Display timer events (CPU Clock comparator CLKC and timer TIMR)
ASID: 0044 Jobname: IZUSVR1 SRB/TCB IASN Interrupt PSW Count Where processing -------- ---- -------- -------- -------- ---------------------------------------- 00000000 0044 070C0000 81D83CB8 2 IEANUC01.ASAXMPSR+00 READ/WRITE NUCLEUS ... 008CEE88 0044 078D0401 945F2B28 11 AREA(Subpool252Key00)+CB28 EXTENDED PRIVATE 008CEE88 0044 078D2401 945F99BE 1 AREA(Subpool252Key00)+0139BE EXTENDED PRIVATE 008CEE88 0044 078D2401 FA63F71E 1 SPECIALNAME+03F71E EXTENDED PRIVATE 008CEE88 0044 078D0401 FAB00178 1 SPECIALNAME+0178 EXTENDED PRIVATE 008CEE88 0044 078D2401 FAB447BE 1 SPECIALNAME+0447BE EXTENDED PRIVATE 008CEE88 0044 078D0401 FAD9E660 1 SPECIALNAME+29E660 EXTENDED PRIVATE 008B17B8 0044 070C0000 81C92030 1 IEANUC01.IAXVP+4048 READ ONLY NUCLEUS 008B27C0 0044 072C1001 91AF2460 1 BBGZAFSM+7520 EXTENDED CSA ... 008D2E88 0044 078D0401 945F2B28 22 AREA(Subpool252Key00)+CB28 EXTENDED PRIVATE 008D2E88 0044 078D0401 FB036F08 1 SPECIALNAME+036F08 EXTENDED PRIVATE ... 008D2E88 0044 078D0401 FC145732 1 AREA(Subpool229Key00)+A732 EXTENDED PRIVATE
This displays
- The TCB
- The virtual adress where the interrupt occurred
- These entries are in time sequence, and so we can see the second entry had 11 interupts in quick succession (count is 11).
- The Where processing, is a guess at converting the address into a module name. Sometimes it works, for example Module IEANUC01, csect ASAXMPSR, offset 0. Sometimes it cannot tell, for example from Java code.
This shows 2 things
- The application said wake me up in a certain time period
- The TCB was executing and z/OS interrupted it because it needed to go and dispatch some other work. This gives a clue as to hot spots in the code. If the same address occurs many times – the code was executing here many times. I look in the raw systrace to see if this is a TIMer (boring) or a CLKC interesting. Interesting gives you a profile of what code is CPU intensive.

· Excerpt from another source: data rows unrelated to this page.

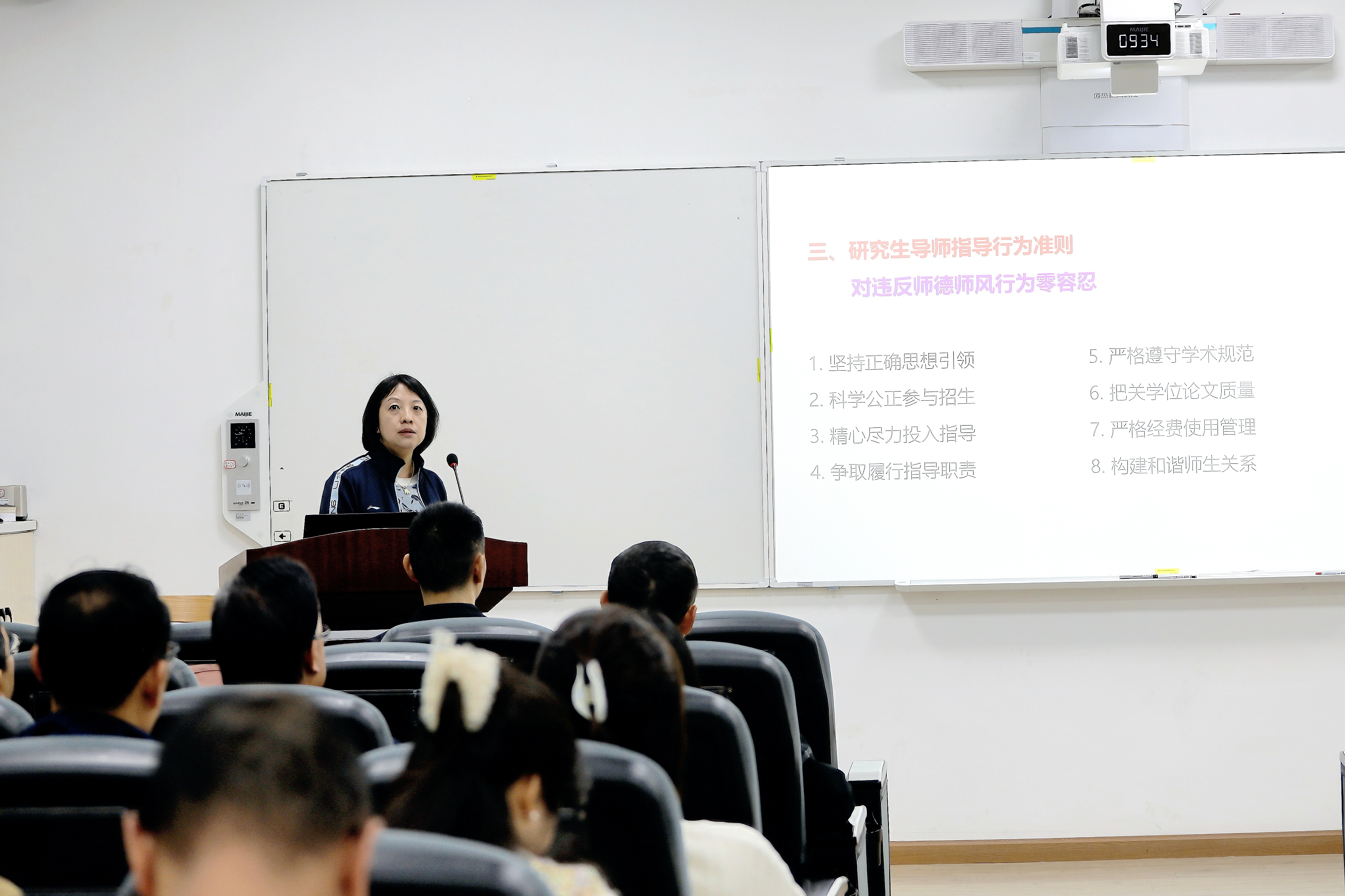 培训会上,教学管理科李岚老师对导辅协同育人、研究生导师行为准则、课堂教学及督导情况、新一轮导师动态上岗考核办法、员工奖助金等方面的政策作了系统梳理和解读。吴丹老师对研究生信息系统导师操作部分进行了演示。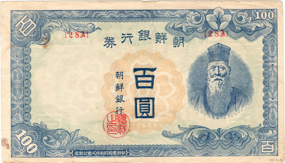 Корея, 100 вон, администрация США, 1947 г., не частые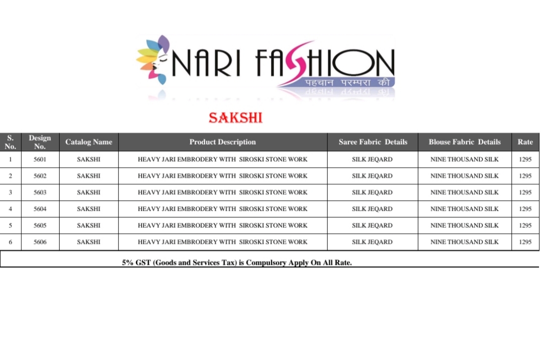 Buy Online Sakshi Series 5601 To 5606 By Nari Fashion Single And Set Stockiest And Supplier From Surat 6 Pcs of Full Catalogue at Wholesale Price. Looking for Sakshi Series 5601 To 5606 By Nari Fashion Single And Set Stockiest And Supplier From Surat Full Catalouge at Best Price? Buy Now Sakshi Series 5601 To 5606 By Nari Fashion Single And Set Stockiest And Supplier From Surat at Wholesale Rate of Rs 7770 with Total 6 Pcs from authroized dealer and supplier of Nari Fashion Brand. Cost of Each piece is just only Rs 1295 which is very low and affordable price to resale the product in your retail store ,This is Surat based Wholesale Supplier & Dealer of Nari Fashion Brand. Click on Brand name to Know more about Nari Fashion Brand's products.Call or Whatsapp on 9898838984 for booking or enquiry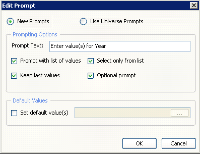Step 8. In addition, I created a filter based on the dimension Year in the Filters panel and defined a prompt to allow the user to provide an input to the filter at runtime for the SAP BusinessObjects Dashboards object (Figure 4). You are defining the prompt to be an optional prompt so that in the initial run of the SAP BusinessObjects Dashboards, the data being displayed shows all values and the user can then filter down on the data as needed.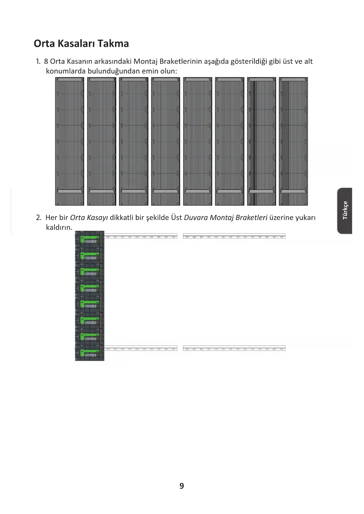 5. Kalan Kabinler’i Üst Duvar Montaj Braketleri’nin üzerine yerleştirin. Montaj Braketle-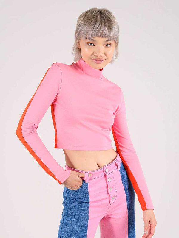 Bougie Crop Turtleneck Top, BCI Cotton, in Pink & Red

- You can delete all the records outside of this block, then sort 15 32 to sort on PSW address. For my IPCS dump the address 078D0401 945F2B28 occurred 35 times.
I/O activity
Device SSCH Issued I/O Occurred Duration
------ --------------- --------------- ------------
0A99 16:24:48.009819 16:24:48.010064 0.000244
0A99 16:24:48.033619 16:24:48.033856 0.000236
0A99 16:24:48.051014 16:24:48.051081 0.000066
0A99 16:24:48.057377 16:24:48.057434 0.000056
0A99 16:24:48.080331 16:24:48.080430 0.000098
------------
0.000702
Events for 0A99 : 5
Quickest I/O : 0.000056
Slowest I/O : 0.000244
Total : 0.000702
Average : 0.000140
This says for the device 0A99 there were 5 I/O requests, total time 0.7 milliseconds
- I used the REPORT VIEW to get the data into ISPF edit,
- deleted all the records above the I/O section
- Used X ALL
- F TOTAL ALL
- This shows the totals for all I/Os. Most totals were under 1 ms. One I/O was over 5 seconds.
- Displaying the detailed records above this TOTAL record showed one I/O took over 5 seconds!
End of report
End of PERFDATA analysis.
Advanced topic: Look at hot spots
I had seen that PSW 078D0401 945F2B28 was hot. If you go back to the IPCS command panel, you may be able to use the command
L 945F2B28
To display the storage. This will not work. You have to remove the top bit (80), so
L 145F2B28
may work.
If the first character is a letter (A-F) then you need to put a 0 on the front for example
L 0D2345678
You might need to put the address space in as well for example
L 145F2B28 ASID ID(x’44’)
You can say
L 145F2B28 ASID ID(x’44’) LENGTH(4096)
To display large sections of storage
Dig into the trace
You can use
systrace jobname(izusvr1)tcb(x’008CC2D8′)
to display all entries for the specified TCB and jobname.
- Go to the bottom ( type Max press PF8)
- use the report view command to get into and edit session
- Columns 79 to 88 contain a description of some of the system calls
- use X ALL;f ‘ ‘ 79 84 all;del all nx to delete all lines without a description
This gives you a picture of the MVS services being used.